Sparsely gated Mixture-of-Expert (MoE) has demonstrated its effectiveness in
scaling up deep neural networks to an extreme scale. Despite that numerous
efforts have been made to improve the performance of MoE from the model design
or system optimization perspective, existing MoE dispatch patterns are still
not able to fully exploit the underlying heterogeneous network environments. In
this paper, we propose TA-MoE, a topology-aware routing strategy for
large-scale MoE trainging, from a model-system co-design perspective, which can
dynamically adjust the MoE dispatch pattern according to the network topology.
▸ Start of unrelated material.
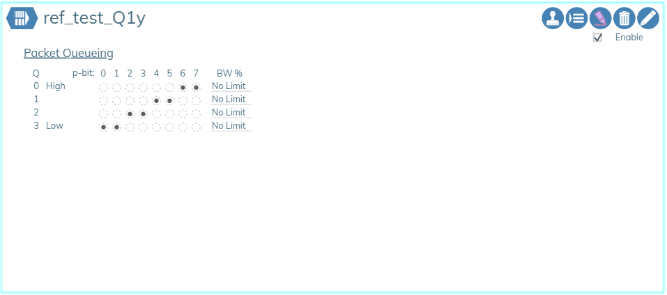 The window that appears lets you make your changes. Here you set the priority for p-bits and set the bandwidth (BW) for each queue as a percentage. The percentage is the maximum average percentage of the port output bandwidth that packets in that queue will be allowed to consume. The value cannot exceed 100 and a value of 0 means no limit is set.

Based on communication modeling, we abstract the dispatch problem into an
optimization objective and obtain the approximate dispatch pattern under
different topologies. On top of that, we design a topology-aware auxiliary
loss, which can adaptively route the data to fit in the underlying topology
without sacrificing the model accuracy. Experiments show that TA-MoE can
substantially outperform its counterparts on various hardware and model
configurations, with roughly 1.01x-1.61x, 1.01x-4.77x, 1.25x-1.54x improvements
over the popular DeepSpeed-MoE, FastMoE and FasterMoE.

本文提出了一种基于拓扑感知路由策略的 Sparsely gated Mixture-of-Expert 深度神经网络模型，可以根据不同的拓扑结构动态调整传输模式，并通过辅助引导学习自适应地适应拓扑结构，实验结果表明该模型在各种硬件和模型配置中比其竞争对手表现表现更好，改进了 1.01x-1.61x, 1.01x-4.77x, 1.25x-1.54x。